About VInt32 Variable-Sized Integer Encoding
The UIKit NIB Archive makes heavy use of integers encoded in a “VInt32” format. This is an integer of up to 32 bits in size, which is encoded using from 1 to 5 bytes, depending on the magnitude of the value.
More specifically, a “VInt32” is encoded using 7 bits per byte, in Little Endian order, with the high bit being set only on the most significant byte of the value.
This encoding of integers is used for inter-table references, as well as various lengths, as discussed below.
The UIKit NIB Archive Binary Format
Based on our reverse-engineering, the UIKit NIB Archive binary format has the following structure.
We inferred this by examining compiled NIB files and by some amount of reversing of UIFoundation, mostly on macOS 10.15. The implementation may have changed since then, but as far as we know, this is still accurate.
The archive data starts with a fixed-length header in this form:
struct UINibArchiveHeader { char _magic[ 0xa ]; // "NIBArchive" uint32_t _formatVersion; // UIMaximumCompatibleFormatVersion == 0x1 uint32_t _coderVersion; // UICurrentCoderVersion == 0xa (as of macOS 10.15) uint32_t _objectCount; // this many UINibArchiveObject objects ... uint32_t _objectOffset; // ... at this offset into archive data uint32_t _keyStringCount; // this many UINibArchiveKey objects .. uint32_t _keyStringOffset; // ... at this offset into archive data uint32_t _coderValueCount; // this many UINibArchiveCoderValue* objects ... uint32_t _coderValueOffset; // ... at this offset into archive data uint32_t _classNameCount; // this many UINibArchiveClassName objects ... uint32_t _classNameOffset; // ... at this offset into archive data } __attribute__((__packed__));
After this 50-byte header come each of the 4 tables, which is conceptually something like this:
struct UINibArchiveObject _objects[ objectCount ]; struct UINibArchiveKey _keyStrings[ keyStringCount ]; struct UINibArchiveCoderValue _coderValues[ coderValueCount ]; struct UINibArchiveClassName _classNames[ classNameCount ];
But note that all of these structures are variable in size, so these are not simple C arrays.
The Objects Table
Looking at each of the tables in turn, we start with the object, which points to the defining class name, and to the range of key-value pairs encoded by this object instance:
struct UINibArchiveObject { vint32_t _classIndex; // i.e. classNames[ _classIndex ] is the class of this object vint32_t _valueStart; // i.e. index of first UINibArchiveCoderValue contained by this object (if count>0) vint32_t _valueCount; // number of UINibArchiveCoderValues contained (can be zero though) };
Here, vint32_t
is our notation for the “VInt32” variable-sized
integer described above — and is a primary reason why this and the other table elements are not fixed sizes.
The root object of the UIKit NIB Archive is always at index zero of this table.
The Key Names Table
Next are the key names, which are simple character buffers with a length:
struct UINibArchiveKey { vint32_t _len; char _name[ _len ]; // _len characters, but NOT NULL-terminated here };
The Coder Values Table
Next, we have the coder values, which is where things get more complicated.

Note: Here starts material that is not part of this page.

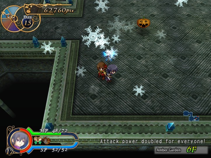 - Since I’m so far ahead, I take Charme to the Amber Garden on day 7. It’s much more trouble than I’d like to admit, and when I run into a whole load of enemies and traps on a floor where enemy attack power is doubled, I’m screwed. I think maybe I should just stick with old Louie until we get somebody else. Sorry, Charme; I’m just not good with her!

All coder values contain at least a key name reference, and declare a value type:
struct UINibArchiveCoderValue { vint32_t _keyID; // i.e. keyStrings[ keyID ] is the key for this value uint8_t _type; // e.g. UINibCoderValueType };
where the _type
is one of the following:
typedef NS_ENUM( uint8_t, UINibCoderValueType ) { UINibCoderValueTypeInt8 = 0, // UINibArchiveCoderValueFixed [1] UINibCoderValueTypeInt16, // UINibArchiveCoderValueFixed [2] UINibCoderValueTypeInt32, // UINibArchiveCoderValueFixed [4] UINibCoderValueTypeInt64, // UINibArchiveCoderValueFixed [8] UINibCoderValueTypeFalse, // UINibArchiveCoderValue UINibCoderValueTypeTrue, // UINibArchiveCoderValue UINibCoderValueTypeFloat, // UINibArchiveCoderValueFixed [4] UINibCoderValueTypeDouble, // UINibArchiveCoderValueFixed [8] UINibCoderValueTypeBytes, // UINibArchiveCoderValueVariable UINibCoderValueTypeNil, // UINibArchiveCoderValue UINibCoderValueTypeReference, // UINibArchiveCoderValueFixed [4] };
Whether anything comes after the _type
depends on that _type
value.
The Boolean types and the nil type have no additional value information: these can be represented by the
“base” UINibArchiveCoderValue
shown above.
The numeric types have a coder value that looks more like this:
struct UINibArchiveCoderValueFixed { uint32_t _keyID; uint8_t _type; // e.g. UINibCoderValueType uint8_t _bytes[]; // from 1 to 8 bytes of data per _type };
The size of the additional _bytes
is determined from the _type
, as shown in
the enumeration above. Multi-byte values are always Little Endian.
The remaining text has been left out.